Joint exercises are an excellent way to get your entire body physically fit and fully functional. Multi-joint exercises, also known as complex exercises, are one form of these exercises. Some of the multi-joint movements that you can perform include step-ups, lunges, leg presses, dead lifts, push-ups and squats. Step-ups engage the lower body muscles. Leg presses encourage increased muscle growth to the quadriceps, hamstrings, calves and glutes due to the heavier resistance involved. Dead lifts increase muscular mass in both the lower and upper body. Push-ups increase muscular mass in the chest, shoulders, back and triceps. Squat exercises vary but generally focus on the quadriceps, hamstring, calves and glutes. They help to develop your hip and thigh muscles.
Benefits of Multi-Joint Exercises
Multi-joint movements are regarded as more beneficial to the body than isolation exercises. This is because they engage various muscles within the body which work simultaneously to yield several benefits. You also burn more calories during multi-joint workouts than isolation exercises. This is due to an increased metabolic rate which results in more fat loss. It helps you to develop a lean, strong body. Multi-joint workouts also help to increase your resting metabolic rate (RMR) after exercise significantly. This enhances increased fat-burn and supports an effective weight loss program. The risk of injury is significantly lower during complex exercises.
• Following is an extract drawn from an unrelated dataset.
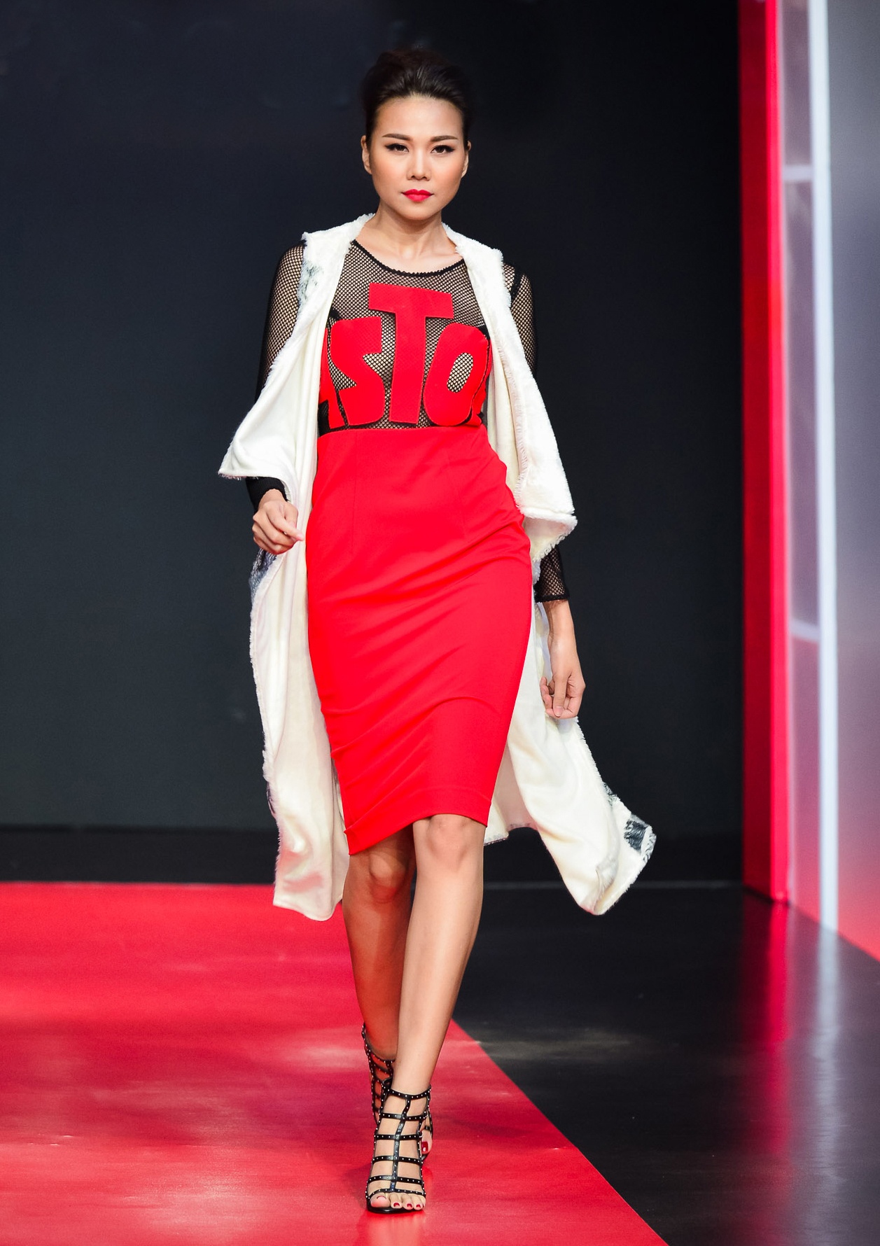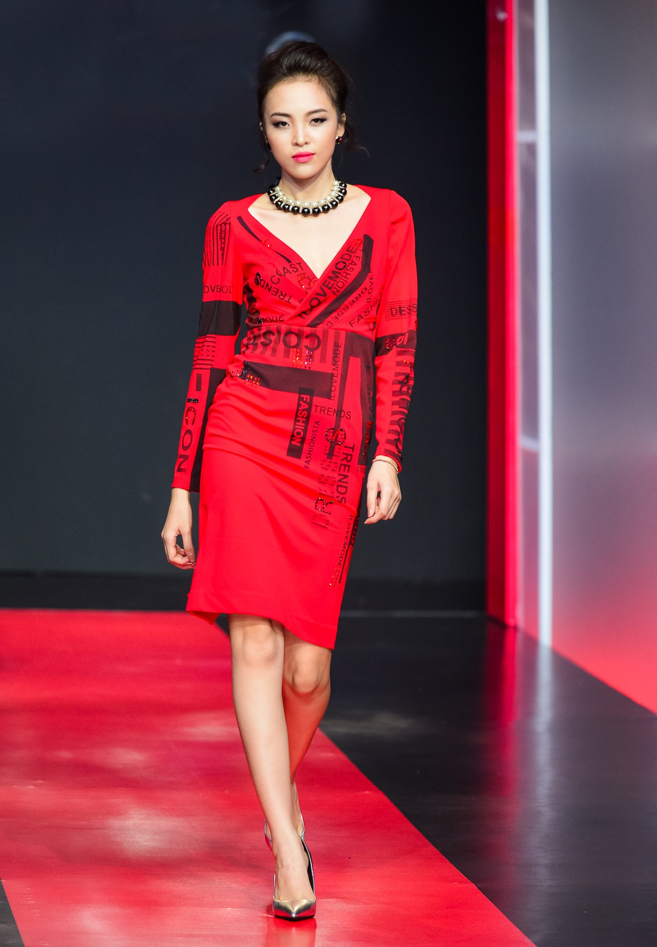 | Chân dài Thanh Hằng cũng góp mặt ở show thời trang số tháng 9. Siêu mẫu diện trang phục hiện đại, nổi bật. |

The simultaneous activity of various muscle groups creates a harmonious pattern that promotes safety as you workout. This decreases the risk of injuries during workouts. It also helps you to develop a fully functional and fit body.
Disadvantages of Multi-Joint Exercises
However, multi-joint movements may fail to develop a particular area of your body to the desired level. This is because certain muscles during the exercise bear more of the load than other muscles. For this reason, you may want to complement multi-joint movements with single-joint movements.